Ideas for everyday living

I overhauled my social life to save money

As a student on a tight budget, Mishti Ali has had to make big changes to how she spends time with her friends. Here are her tips

Mishti Ali is a 21-year-old student studying English at Cambridge University. Originally from East London, Mishti was delighted to win a scholarship and a bursary to help her afford her education. She also takes on writing jobs when she can to top up her budget. But money is still really tight and she has to be very careful with her spending, particularly when it comes to her social life.

“I worry about money all the time,” says Mishti. “It’s this tight knot in the pit of my stomach. But my friendships and contact with other people are vitally important to me. They keep me going. I’m very much a work-hard-play-hard kind of person, so I’ll always find ways to have fun and spend time with my friends, but we’ve had to be really creative to do that without spending too much."

 “The value of money was made clear to me as I grew up, both of my parents come from working-class backgrounds. However, I wasn’t ever given pocket money or anything similar, so I’ve pretty much had to learn how to manage my spending on the job,” explains Mishti.

Thanks to rising costs and scary bills, Mishti’s university experience hasn’t exactly been what she’d expected. But with the help of some imaginative thinking and support from her friends, she’s still having a great time. Here are her money-saving tips:

Have more fun at home

“We save a lot of money by staying home more. That sounds a bit bleak, but we can have a laugh in our rooms – the most important thing for us is being all together. 

“Just this week I’m hosting a little snacks and painting session in my room, where we’ll all get together to have a go at creating something, which should be great.”

Enjoy small treats and pleasures

“Something that really helps me to feel like we’re having more fun is treating myself to something small on a regular basis. This doesn’t have to be expensive or extravagant, and my friends and I have got really good at finding small ways to make everyday moments feel more special.

“We’re always looking for little bargains in the supermarkets. This month, we went to the shops the day after Valentine’s Day and stocked up on lots of sweet things that were being sold at a discount price. That’s a few weeks of evening treats to help us feel like we’re not missing out. We do the same thing after Easter and at Christmas, too.”

Seek out free events

“My friends and I have started scouring Eventbrite for free events happening in our local area. It’s amazing what activities you can find if you look for them. There will frequently be  fun evenings being hosted in nearby cafes or bookshops – and often, they’re free or very affordable.

“The best events recently have included a classical music show at a local concert hall – we got really cheap tickets and it was good to do something so different. The botanical garden at the university also held a light show, which was free. There was beautiful artwork to look at, and all of the greenhouses were illuminated with hundreds of pretty lights.”

Try TikTok recipes for special meals

“We tend to save eating out at restaurants for special moments, such as a birthday or a celebration, but I find that following a good recipe that we’ve found on TikTok can make an ordinary meal at home feel like a real occasion. Cooking together and hosting meals for each other is a brilliant way to stay connected and hang out without blowing our weekly budgets.

“One of my favourite TikTok recipes that I do all the time is the Gigi Hadid pasta, which is basically penne alla vodka, but more glamorous because Gigi eats it. There’s also a super-simple noodle recipe that is egg noodles with garlic, soy sauce, sesame oil, peanut butter and chilli flakes – all ingredients I always have in the cupboard, so it’s incredibly cheap, but also so tasty.”

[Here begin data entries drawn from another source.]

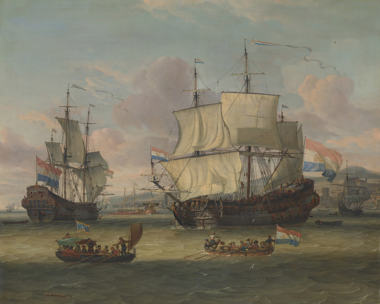 Либо это Голландские корабли, либо это Русские корабли с двойным флагом, что требовалось для того, чтобы их можно было отличить от голландских кораблей, ведь один из двух русских флагов полностью идентичен голландскому.
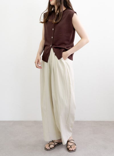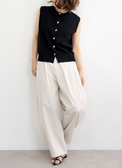 ワイドパンツやタックパンツと合わせたキレイめコーデな雰囲気がおすすめ。
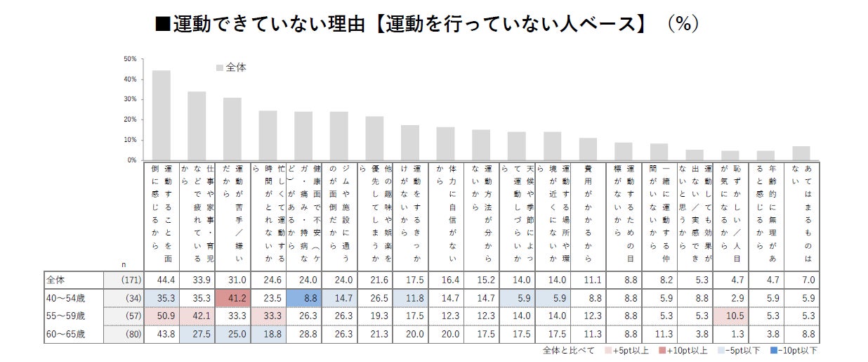 運動を行っていない人のできていない理由としては「運動することを面倒に感じるから」(44%)「仕事や家事・育児などで疲れているから」(34%)「運動が苦手・嫌いだから」(31%)など、心理的・時間的要因が挙げられた。
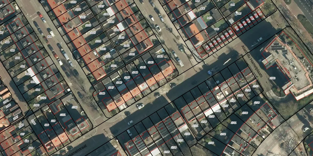 Het perceel waarop Alard du Hamelstraat 6 staat heeft een oppervlakte van 141 m². Dit is een middelgroot perceel. De perceeloppervlakte wordt geregistreerd door het Kadaster. Gedetailleerde informatie over de maten van dit perceel kunt u vinden in het rapport Kadastrale kaart met maatvoering van Alard du Hamelstraat 6.
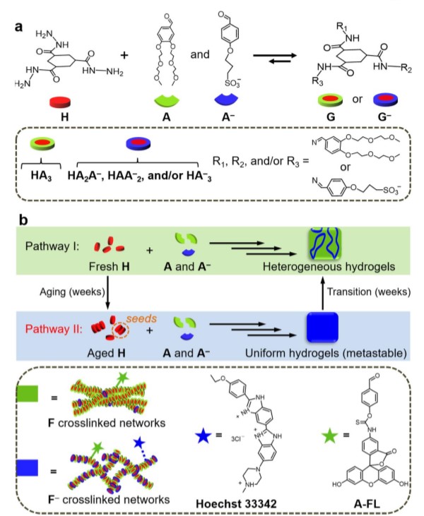 在該研究工作中,該團(tuán)隊(duì)發(fā)展了一種獨(dú)特的、利用分子老化誘導(dǎo)成核組裝的控制手段,實(shí)現(xiàn)了具有瞬態(tài)特性的超分子水凝膠材料的制備。研究人員在一前期構(gòu)筑的模塊化超分子組裝體系(Angew.Chem. Int.Ed. 2019, 58,3800; J. Am. Chem. Soc. 2019, 141, 2847)基礎(chǔ)上,發(fā)現(xiàn)通過(guò)對(duì)模塊分子進(jìn)行溫和的老化處理,即可誘導(dǎo)改變后續(xù)分子的組裝路徑,由自發(fā)條件下的親熱力學(xué)控制轉(zhuǎn)變?yōu)橛H動(dòng)力學(xué)控制,組裝形成一種獨(dú)特的亞穩(wěn)態(tài)超分子水凝膠材料。進(jìn)一步研究發(fā)現(xiàn),體系中的組裝前體分子在老化處理過(guò)程中,自組裝成納米級(jí)的聚集體,該聚集體作為成核中心,改變了分子組裝成核過(guò)程,誘導(dǎo)組裝過(guò)程轉(zhuǎn)變?yōu)橛H動(dòng)力學(xué)控制型,最終形成動(dòng)力學(xué)控制的超分子組裝產(chǎn)物。該超分子凝膠表現(xiàn)出獨(dú)特的瞬態(tài)特性,其結(jié)構(gòu)隨時(shí)間可進(jìn)行緩慢的演變,最終轉(zhuǎn)變?yōu)橄鄬?duì)穩(wěn)定的凝膠狀態(tài)。
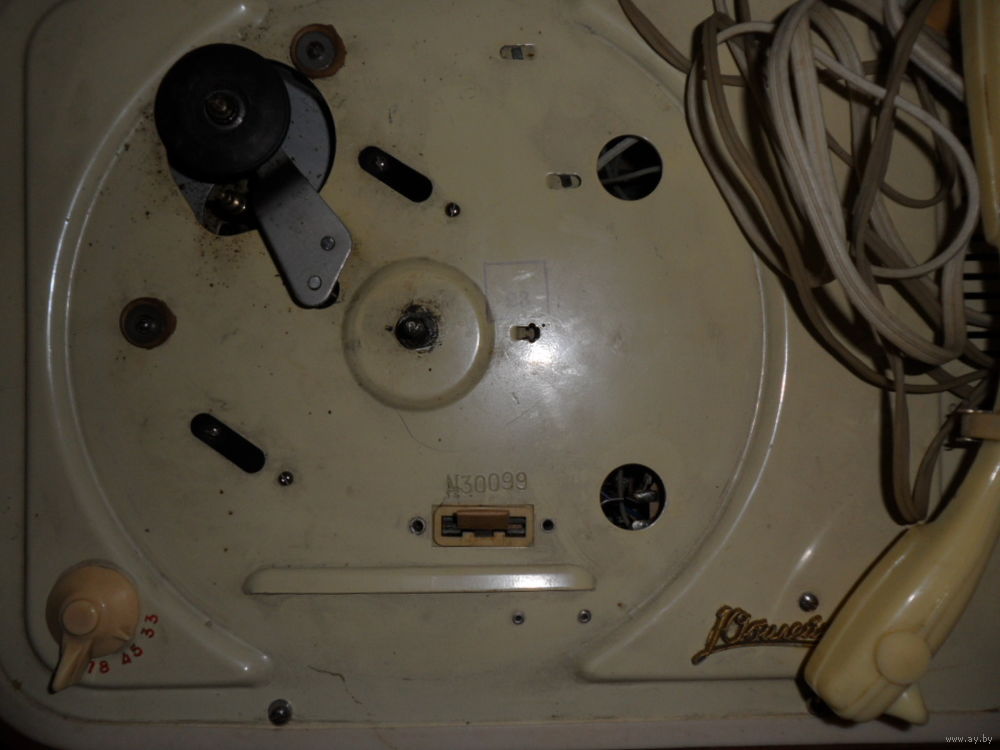 Отсутствуют: оригинальные вентиляционные решетки, декоративная накладка "Петропавловский собор"; держатель тонарма заменен на держатель тонарма от электрофона "Концертный".
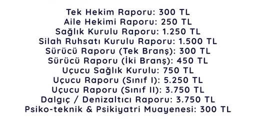 Yeni düzenlemeye göre; ehliyet, yivsiz tüfek, işe giriş, sporcu lisans, genel durum bildirir, akli meleke ve hac parmak izi raporu almak isteyen vatandaşların, Sağlık Bakanlığı’na ödeme yapması gerekiyor.
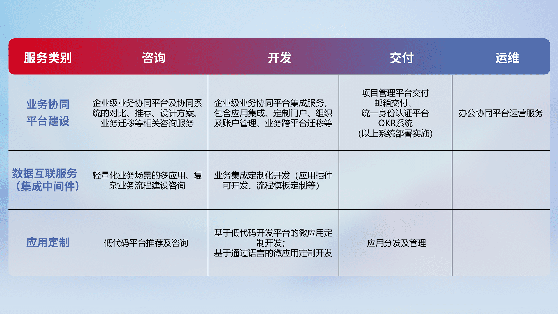 针对钉钉、、、企微、、、IDaas等平台级产品提供产品的规划、、方案、、、交付、、定制化开发等服务,,,实现如统一协同办公、、、智能客户服务、、、混合会议管理、、、、智能数据查询、、等业务场景,,,实现数字化转型。。。
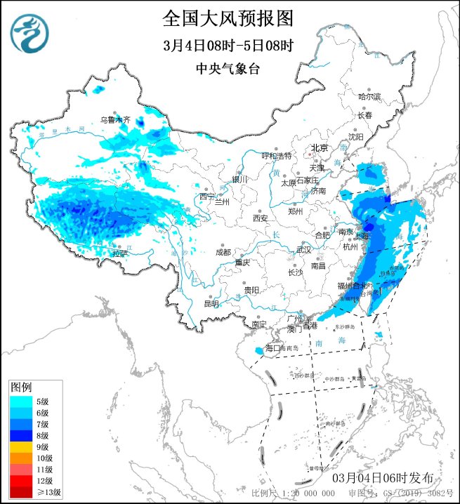 全国大风预报图。图源/中央气象台
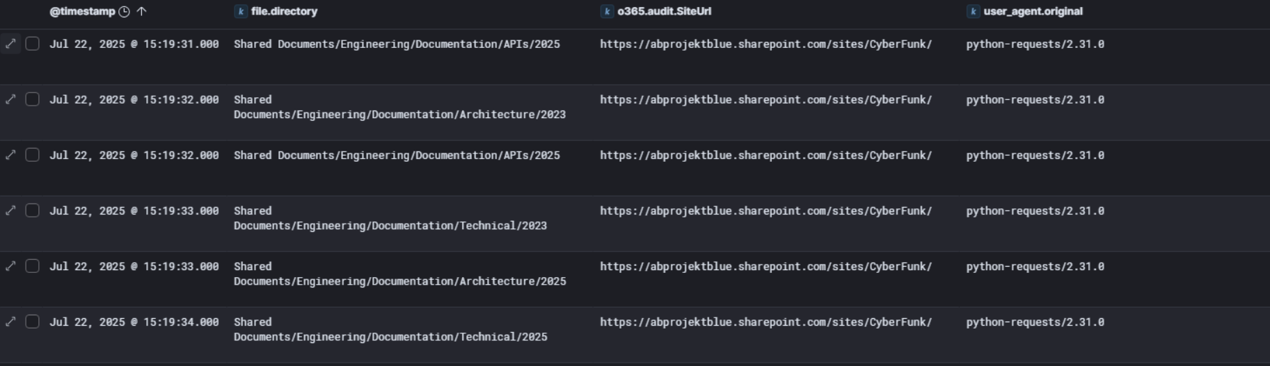 So shifting over to the SharePoint audit logs, we can see the attacker was hitting https://abprojektblue.sharepoint.com/sites/CyberFunk/ and bulk downloading files from the Engineering/Documentation directories including APIs, Architecture, and Technical folders across both 2023 and 2025 content.
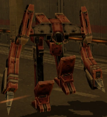 The successor of the Gibbon MT, the Gibbon MS-HA is a manned humanoid, reverse-joint MT larger than an AC. Its weapons include dual rocket launchers and dual parrying blades. Given the increase in equipment, the unit can deal out greater damage at the cost of some mobility. When enemies approach, it will strike with its blades, but otherwise rely on its rocket launchers. These adaptations have made the unit more reliable as a security or defense MT. Its armor is reliable being able to take a number of hits before failing.
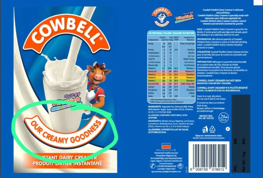 The National Agency for Food and Drug Administration and Control (NAFDAC) has warned Nigerians about counterfeit 12g Cowbell “Our Milk” currently in circulation.
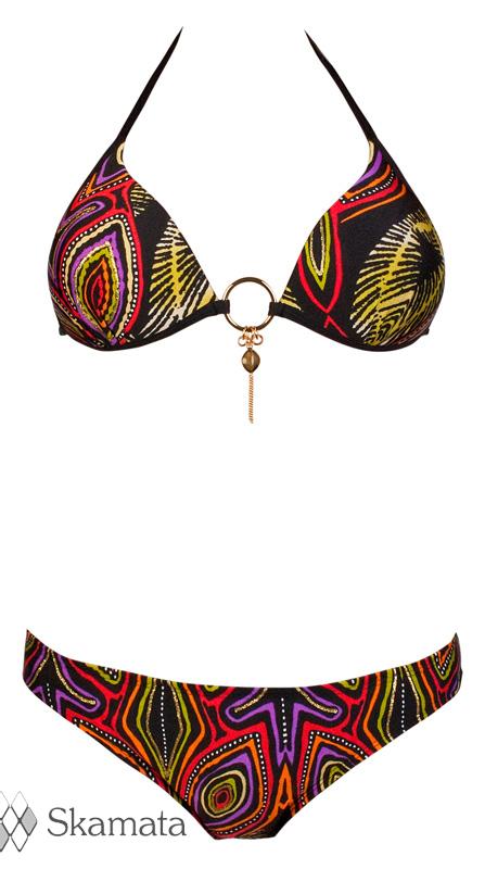 Купальник бикини изготовлен из испанского материала с использование высококачественной фурнитуры. В купальнике используется Чашка push-up, производство Германия, компания Muehlmeier (Компания Muehlmeier является одним из мировых лидеров в области моделирования и производства чашек). Скульптурный корректор идеально поддерживает грудь и сдвигает ее к центру, зрительно увеличивая ее объем. Компания Muehlmeier довела треугольные чашки до совершенства! В отличие от обычных треугольных чашек, оптимизированные треугольные чашки от Muehlmeier оснащены дополнительными удлинителями лямок и предусмотрены для нижнего белья и купальников. Эти особенности гарантируют идеальное прилегание и удобное ношение, так как чашка тесно прилегает к телу и не смещается. Бретели бюстгальтера завязываются.
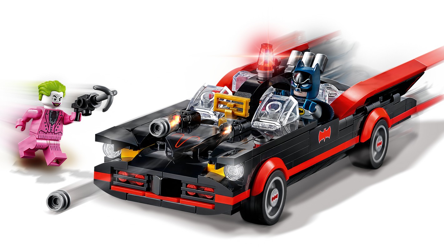В набор входит сборная модель Бэтмобиля, которую можно собрать с шипометами или без них, а также минифигурки Бэтмена и Джокера в классическом стиле 1960-х годов и вращающаяся подставка.
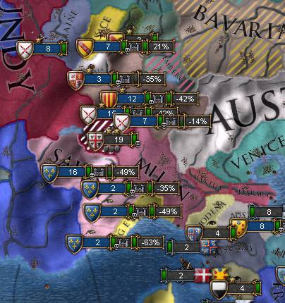 というのもフランスはこの時絶賛スイス戦中であり、北イタリアと中東で軍勢を操作してとても忙しかったようなのです
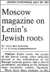 In addition, a French Jewish periodical, Review de Fonds Social Juif,5 reported that a Soviet novelist, Marietta Shaguinian, was prevented by Soviet censorship from publishing evidence of Lenin's Jewish ancestry. A number of Jewish publications in recent years have disclosed Lenin's Jewish heritage, including the Jewish Chronicle.6
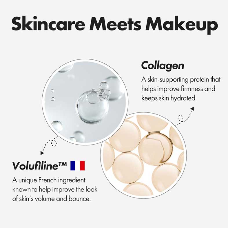این کرم پودر از بافت کرمی مرطوب‌کننده به یک پوشش صاف و طبیعی تبدیل می‌شود و رنگ پوست شما را یکنواخت و شفاف می‌کند.  همچنین فرمول این محصول با ترکیبات حرفه‌ای مانند کلاژن فرانسوی، Volufiline™ و عصاره گیاهان صحرایی و گل‌ها  تهسه شده و پوست را تا ۵۰ ساعت مرطوب و نرم نگه می‌دارد و به رفع خطوط ریز و افزایش خاصیت کشسانی پوست کمک می‌کند . از ترکیبات موثر این کرم پودر میتوان به موارد زیر توجه نمود.
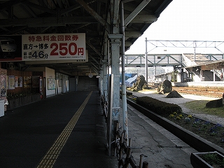 跨線橋に上がって驚かされる。裏口があり、自動改札があるのだが簡易自動改札で、駅員もいない。まるで自由出入口。筑豊本線、だいじょうぶか…。しかし、見ている人なんていらないほど信を置かれている利用者のいるところなのかな、とも考えた。跨線橋は仕切り壁で通路が二重になっていて、片方はくだんの平成筑豊鉄道のものになっている。そっちのほうはとても狭い。
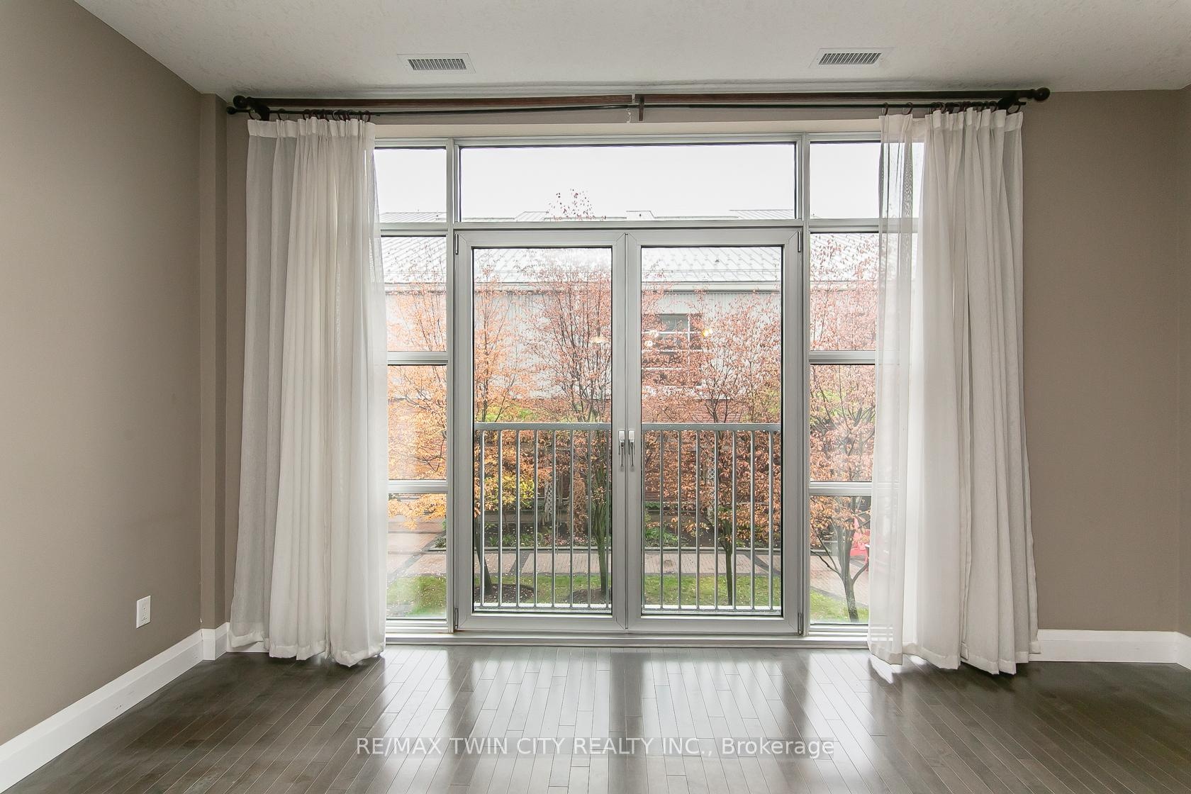 Step into this bright and spacious 1-bedroom, 1 4pc bathroom condo perfectly located in the vibrant core of downtown Kitchener. Enjoy open-concept living, large windows that fill the space with natural light, and a functional layout ideal for professionals or first-time buyers. Gleaming hardwood flooring in the living room and dining area and carpet in the large primary bedroom. The kitchen features maple cabinets with lots of storage and stone countertops. In-suite laundry with additional storage space and separate locker. Underground parking for one vehicle is also included with this property! Party room and courtyard with gardens for residents personal enjoyment! Just steps away from the Kitchener Market, trendy restaurants, cafes, shopping, and public transit, this condo offers the ultimate in convenience and urban lifestyle. Whether you're commuting, exploring local attractions, or relaxing at home, this is the perfect place to call your own.
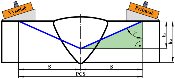 Obr. 4.32 Princíp kontroly tupých zvarov konvenčnou uhlovou sondou [12]

Shift the focus away from drinking

“There’s this perception that student social culture has to be all about drinking. But I’ve found that making social plans that aren’t just about alcohol has saved us loads of money.

“Think about it. When you go out for drinks, a cocktail is maybe £10 a time. That quickly adds up. Now, when we make plans, we opt for many more booze-free events. Not only is this better for our health and helps us to feel more wholesome, it also makes me appreciate time with my friends a lot more, because it’s quality time, rather than just another night we might not remember that clearly.”

Natalie Morris

Natalie is a journalist covering lifestyle, culture, race and identity. She’s also the author of Mixed/Other.